She’d spent most of her adult life aboard warships of one kind or another. First as part of the Duchy of Terra Militia, and then, after the first war she’d served in, as an officer of the A!Tol Imperium that ruled humanity.
The ! was a glottal stop, humanity’s pale attempt at the beak snap of their conquerors-slash-uplifters. The “A-tuck-Tol” were spacegoing squids—large and intimidating creatures like the technician she’d borrowed from Squadron Lord Tan!Stalla.
“Resolution was set at one-point-three kilograms,” the tentacled technician told Morgan, the translators both of them wore handling the unit conversion. “The ship’s working animals would have been detected.”
“Good,” Morgan agreed with a nod.

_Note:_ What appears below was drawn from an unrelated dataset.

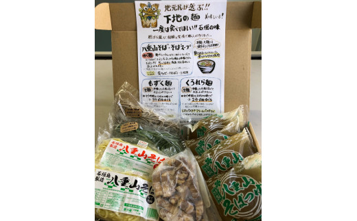 定番の丸麺、平麺のほか、石垣島産モズクを練り込んだモズク生麺。

She’d been surprised to realize how common having a dozen or so animals—dogs and cats aboard a human-crewed warship like Defiance—was aboard a warship.
Pests, however, appeared to be a universal factor.
The A!Tol technician was silent, turning back to her consoles aboard the shuttle orbiting Morgan’s cruiser. The once-elegant starship was a broken wreck. Her flared wings were missing. Her spine was broken.
Morgan’s command wouldn’t have been reparable even if they were closer to home…and Tan!Stalla’s fleet was positioned next to the Astoroko Nebula, on the far side of the Laian Republic from the A!Tol Imperium.
The Republic were allies, but Morgan had found something in the heart of Astoroko. Until someone else was in position to secure the Nebula, Tan!Stalla’s thirty-two capital ships were the only shield the galaxy had against that threat.
And Morgan was wasting time.
“Fire in the hole,” she whispered, tapping a command on her personal tablet.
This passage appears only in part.